### Records for this task
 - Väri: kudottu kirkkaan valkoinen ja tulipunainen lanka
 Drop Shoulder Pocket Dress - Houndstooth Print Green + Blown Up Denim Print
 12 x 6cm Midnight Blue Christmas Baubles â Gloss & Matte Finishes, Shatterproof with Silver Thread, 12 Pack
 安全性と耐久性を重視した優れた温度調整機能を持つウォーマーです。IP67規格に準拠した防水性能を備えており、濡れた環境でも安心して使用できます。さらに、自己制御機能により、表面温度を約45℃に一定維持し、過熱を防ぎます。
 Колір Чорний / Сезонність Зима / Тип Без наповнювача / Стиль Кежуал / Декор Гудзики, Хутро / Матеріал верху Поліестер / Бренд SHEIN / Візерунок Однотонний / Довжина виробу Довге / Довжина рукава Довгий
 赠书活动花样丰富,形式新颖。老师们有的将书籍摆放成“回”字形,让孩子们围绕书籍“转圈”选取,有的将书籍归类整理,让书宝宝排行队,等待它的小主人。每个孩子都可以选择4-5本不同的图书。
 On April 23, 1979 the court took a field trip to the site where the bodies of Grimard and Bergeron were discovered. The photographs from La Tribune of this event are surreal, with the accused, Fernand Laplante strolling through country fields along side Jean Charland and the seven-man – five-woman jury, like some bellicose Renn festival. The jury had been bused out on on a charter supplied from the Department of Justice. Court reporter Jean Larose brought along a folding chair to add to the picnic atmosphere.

---

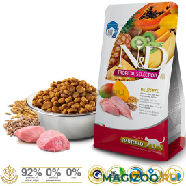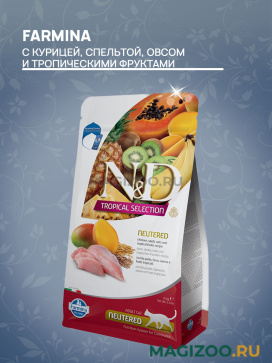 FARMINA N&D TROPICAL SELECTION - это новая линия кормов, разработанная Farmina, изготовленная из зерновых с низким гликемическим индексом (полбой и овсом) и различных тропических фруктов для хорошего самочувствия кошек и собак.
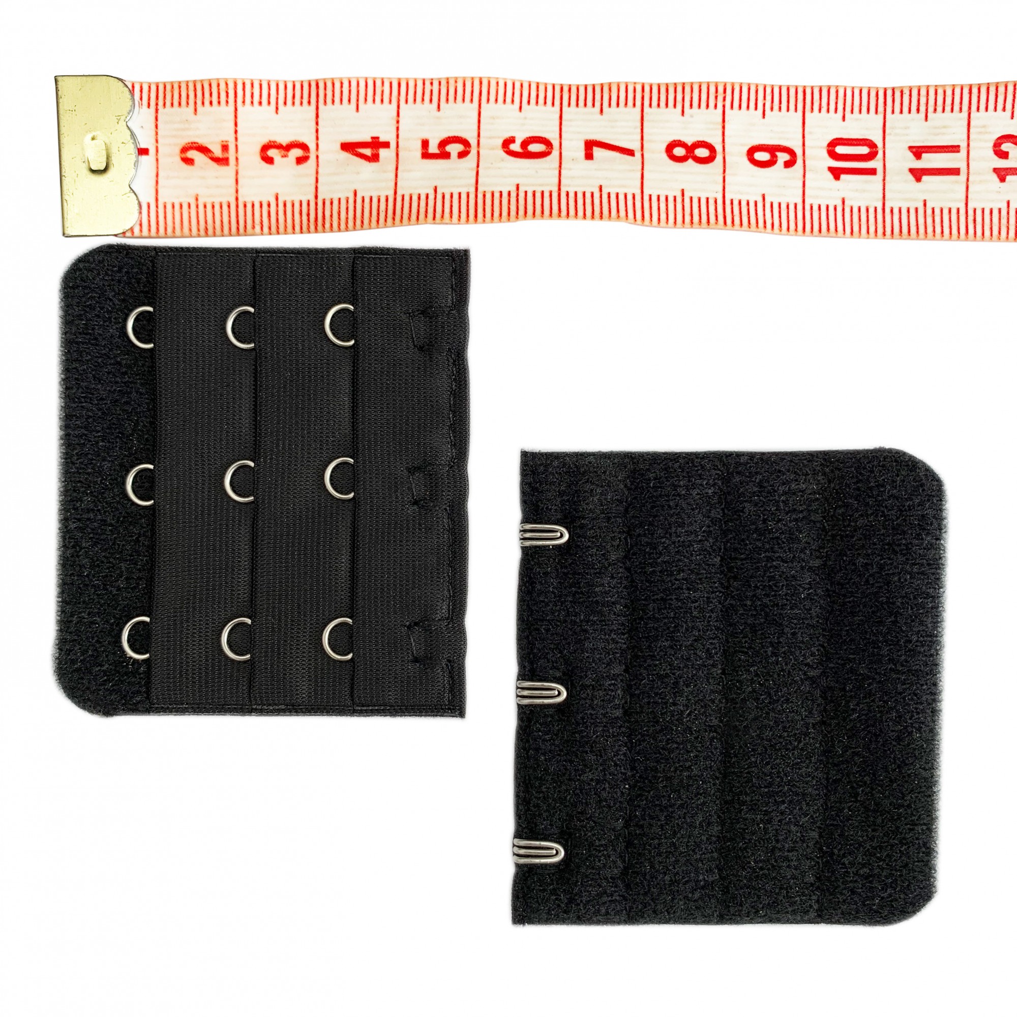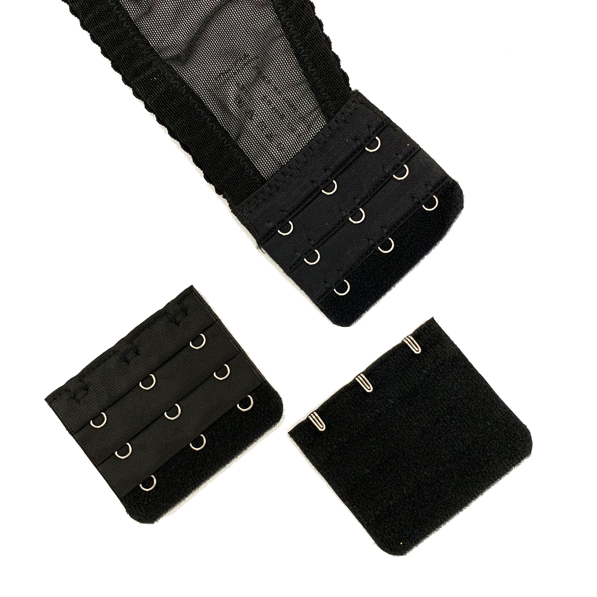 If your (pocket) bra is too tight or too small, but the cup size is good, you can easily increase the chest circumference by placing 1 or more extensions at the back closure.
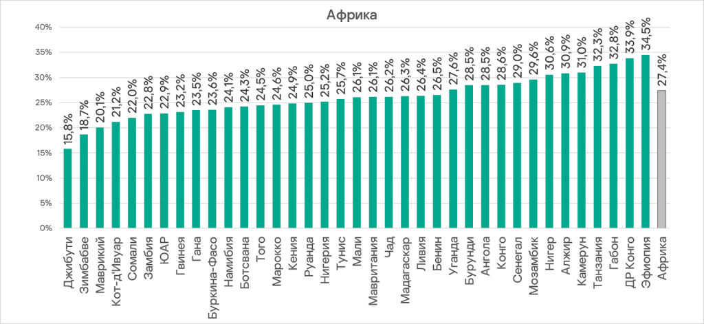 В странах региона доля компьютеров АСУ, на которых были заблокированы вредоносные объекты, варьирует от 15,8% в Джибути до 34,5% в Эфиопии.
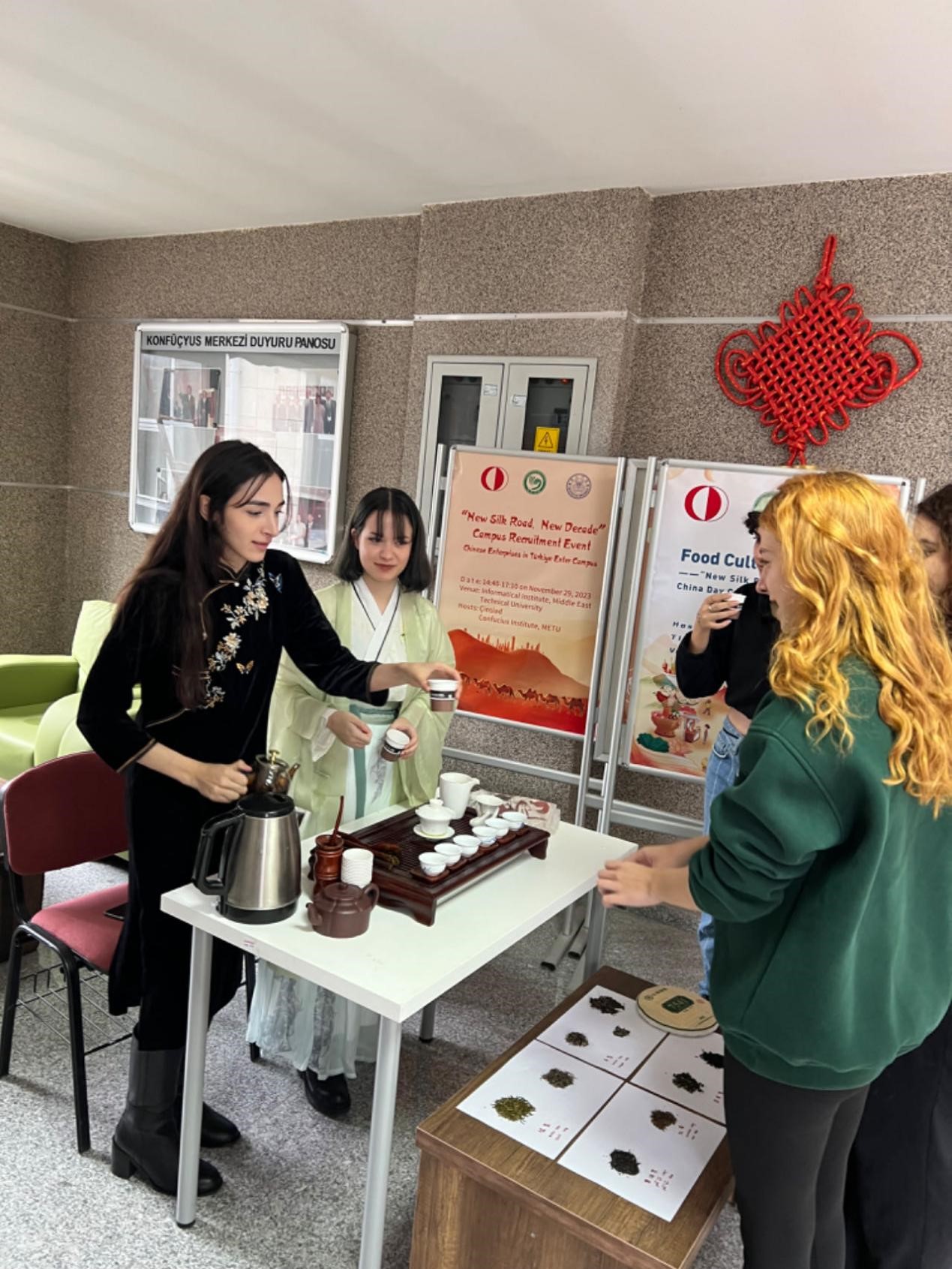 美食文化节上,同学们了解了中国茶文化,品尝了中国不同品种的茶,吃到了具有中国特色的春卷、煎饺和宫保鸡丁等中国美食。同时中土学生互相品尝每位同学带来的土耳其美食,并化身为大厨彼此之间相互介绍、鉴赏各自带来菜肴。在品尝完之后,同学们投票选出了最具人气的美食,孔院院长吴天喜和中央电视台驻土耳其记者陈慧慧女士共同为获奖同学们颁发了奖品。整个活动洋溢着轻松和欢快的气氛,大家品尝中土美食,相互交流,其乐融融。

### Work order
Only the lines from the one containing "12 x 6cm Midnight" through the one containing "赠书活动花样丰富,形式新颖。" are to be retyped, both boundary lines included, with no other material.

### Expected answer
 12 x 6cm Midnight Blue Christmas Baubles â Gloss & Matte Finishes, Shatterproof with Silver Thread, 12 Pack
 安全性と耐久性を重視した優れた温度調整機能を持つウォーマーです。IP67規格に準拠した防水性能を備えており、濡れた環境でも安心して使用できます。さらに、自己制御機能により、表面温度を約45℃に一定維持し、過熱を防ぎます。
 Колір Чорний / Сезонність Зима / Тип Без наповнювача / Стиль Кежуал / Декор Гудзики, Хутро / Матеріал верху Поліестер / Бренд SHEIN / Візерунок Однотонний / Довжина виробу Довге / Довжина рукава Довгий
 赠书活动花样丰富,形式新颖。老师们有的将书籍摆放成“回”字形,让孩子们围绕书籍“转圈”选取,有的将书籍归类整理,让书宝宝排行队,等待它的小主人。每个孩子都可以选择4-5本不同的图书。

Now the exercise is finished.